Depending on how much you go, probably not. I generally replace the batteries in my beacon once the power level dips at or just below 70%. The reason being is that even though the battery drain is even, in really cold temps the power levels can drop considerably. Batteries are not that expensive. I generally do close to 60 days bc riding every season. I replace my batteries at least twice during the season.

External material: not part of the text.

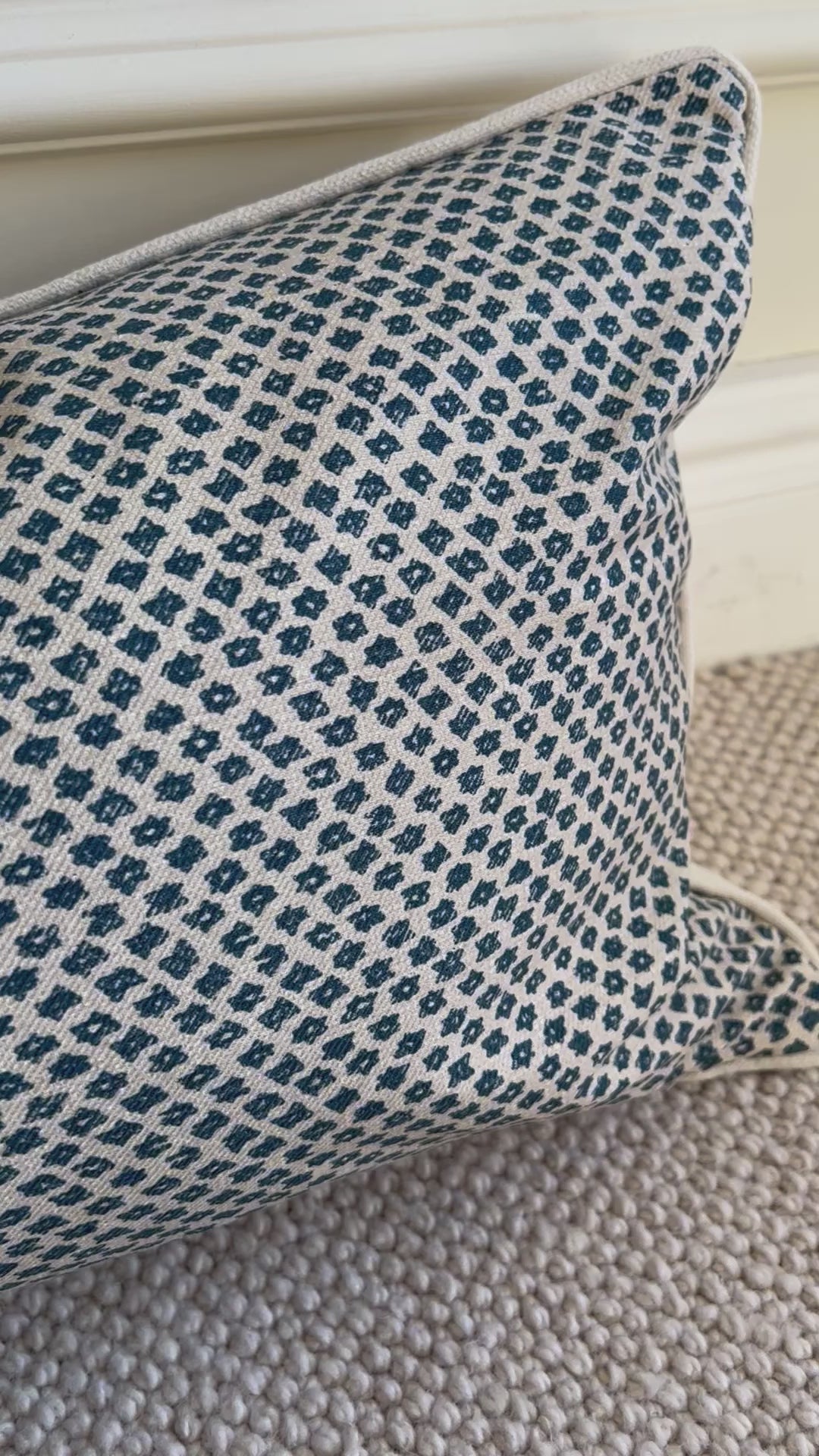 Cushion in Fermoie blue Marden fabric with cream Romo Linara piping and back

If (I believe this is the battery type for the DTS) triple A batteries are hard to come by in Japan, order a set of alkalines now. I generally buy the 24 packs and throw them in my gear bag. It is also not a bad idea to carry a set of four batteries in your pack or as my friend does, taped to his beacon harness strap. Makes for a handy quick swap should your batteries be dead. More importantly, they can be put in your friends beacon who has dead batteries.


----------



## oneshot (Oct 8, 2010)

anytime it shows under 80% i change mine (i'll put the 80%'s in a radio usually).. its def good practice to keep'em fresh! I carry a 6 pack of AAA's in my BC pack too.


----------



## onji (Jan 28, 2011)

killclimbz said:


> More importantly, they can be put in your friends beacon who has dead batteries.


Good thinking. :thumbsup:


Well this is my first season going BC. I'll probably do around 100ish days, and I'm guessing around 20-30 of those in the BC.


----------